Thank You, Mr. Sunstein

Monday, March 06, 2017

Cass Sunstein has just done what others in the political establishment haven't done regarding Donald Trump's rhetoric concerning regulations: He has looked at what the President is actually doing. Let me add that, in doing so, Sunstein may have also inadvertently aided the cause of limited government, something he shows that Trump isn't doing (and it is for that, and that alone I am thanking him):

[Friday's executive] order calls for the official designation of "Regulatory Reform Officers" and "Regulatory Reform Task Forces" within each department and agency of the federal government.

The reform officers are charged with carrying out three earlier executive orders. The first is Trump's own requirement that agencies eliminate two regulations for every one that they issue. More surprisingly, the second and third come from Presidents Bill Clinton and Barack Obama. The Clinton order, issued in 1993, requires cost-benefit analysis of new regulations, along with approval by the Office of Information and Regulatory Affairs.

The 2011 Obama order calls for "retrospective review" of existing regulations, with the goal of getting rid of those that don't make sense. By requiring adherence to the Clinton and Obama orders, the Trump administration has signaled a degree of continuity with what came before. That's a good idea (and it's hardly deconstruction). [links omitted, emphasis added]
And lest we forget, Sunstein is no foe of the regulatory state. Here are what he regards as the only alternatives going forward:
... Almost no one likes regulation in the abstract, but if we are speaking of food safety, highway safety, air pollution standards or protection of disabled people against discrimination, it makes no sense to take a meat ax to the administrative state.

What's needed is a scalpel, in the form of an evidence-based effort to see what really deserves to go, after close engagement with the American public.... [links omitted, emphasis added]
But that stands to reason: Nobody who thinks individuals need to be "nudged" with a gun for their own good is going to be able to imagine, say, (a) businessmen realizing that they have incentives to offer safe products, (b) a legal system consistently applying the principle of private property slamming the brakes on pollution, (c) better-educated members of the public, no longer lulled to sleep by government watchers being more careful about what they purchase, or (d) private groups subsuming much of what government agencies now do to set standards for more specialized industries.

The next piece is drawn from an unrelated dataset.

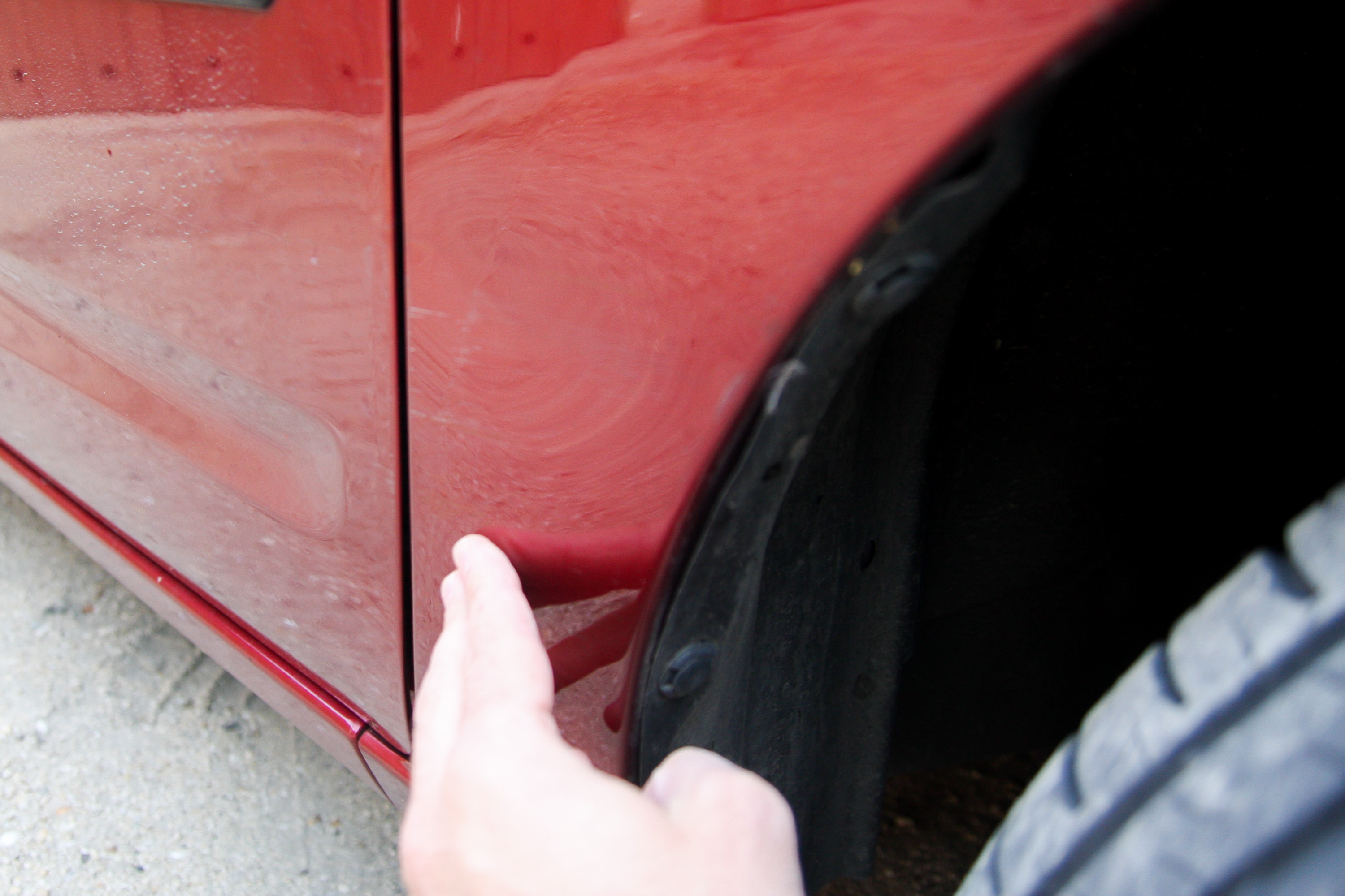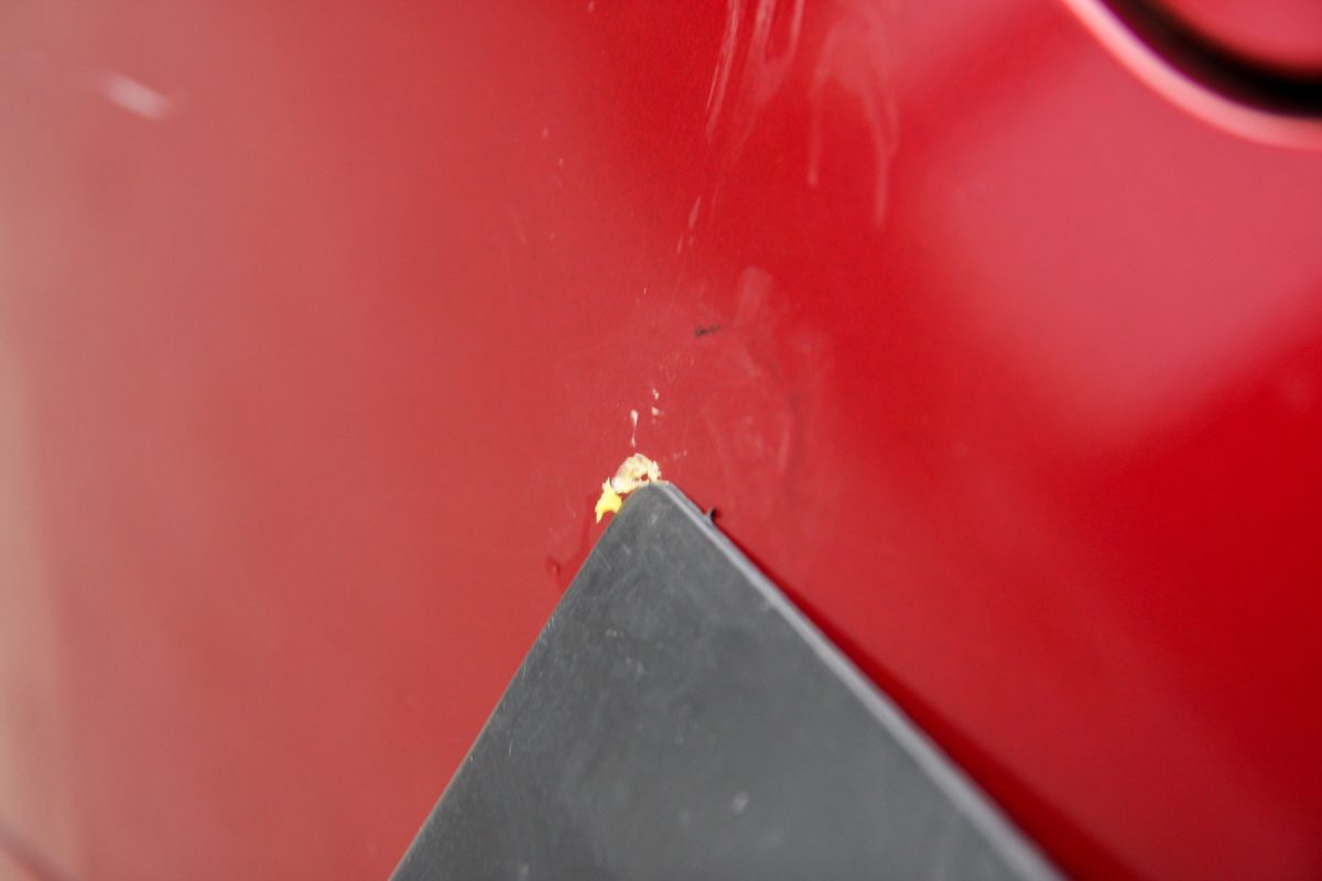 A gyakorlathoz viszont hozzá tartozik, hogy ragasztás előtt zsírtalanítjuk a felületeket (a legegyszerűbb féktisztítóval), a pisztolynak áramot kell adjunk, majd 10-15 perc hevítést ír az útmutató, elárulom, 5-7 perc is elegendő volt még 10 Celsius fokos levegő mellett is. Kezdtem a szépítést a bal hátsó sárvédő apró, de éles közepű, tán esernyő-nekicsapástól származó pontszerű horpadásával. Kétszeri próbálkozásra tudtam rajta segíteni, de azért az éles, fénysérült és minden bizonnyal némileg már megnyúlt közepét nem tudtam tökéletesen meggyógyítani. Viszont rosszabb se lett, mint volt, a leszedéshez adott folyadékkal a ragasztót gyengítve a talpat és a maradék ragacsot is le tudtam venni. A kaparászást persze óvatosan ajánlott csak végezni (bár a készletben egy műanyag spakli is van ehhez), tanácsosabb polírozással befejezni.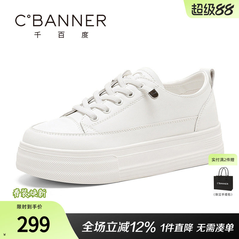 千百度小白鞋女新款厚底百搭纯色休闲板鞋免系带鞋子运动鞋平底鞋

To truly deregulate, we would need axes, scalpels, and sun-setting for an orderly transition to capitalism, not that Sunstein -- or, as he correctly indicates, Trump -- is speaking of such. It is possible that reducing the size of this tumor may buy some temporary relief, but the tumor will remain, no matter what the patient is led to believe.

So, as the Trump years and their aftermath march on, when we inevitably hear that Trump "deregulated" this or that, don't forget what Sunstein has observed. Trump has undertaken the quixotic task of "reforming" a fundamentally flawed (and hence, unreformable) system. So when we hear "deregulation" being blamed for some ill down the road, remember that that's not what's happening right now.

-- CAV


Kyle Haight said...

I'm partial to using "regulatory revision" instead of "deregulation", because what's actually happening is a modification or revision of a persistent system of economic regulation. It may be that the revised system causes less economic damage than the pre-revised system, but both are still systems of economic controls and suffer from the fundamental flaws inherent to government interference in the freedom of production and trade.

Gus Van Horn said...


I like that. I am tempted with "tweaking," which may be fundamentally correct, but opaque to anyone who doesn't understand why regulation is fundamentally wrong. Your term both avoids conceding the premise that regulation is somehow okay and provokes clarifying conversation.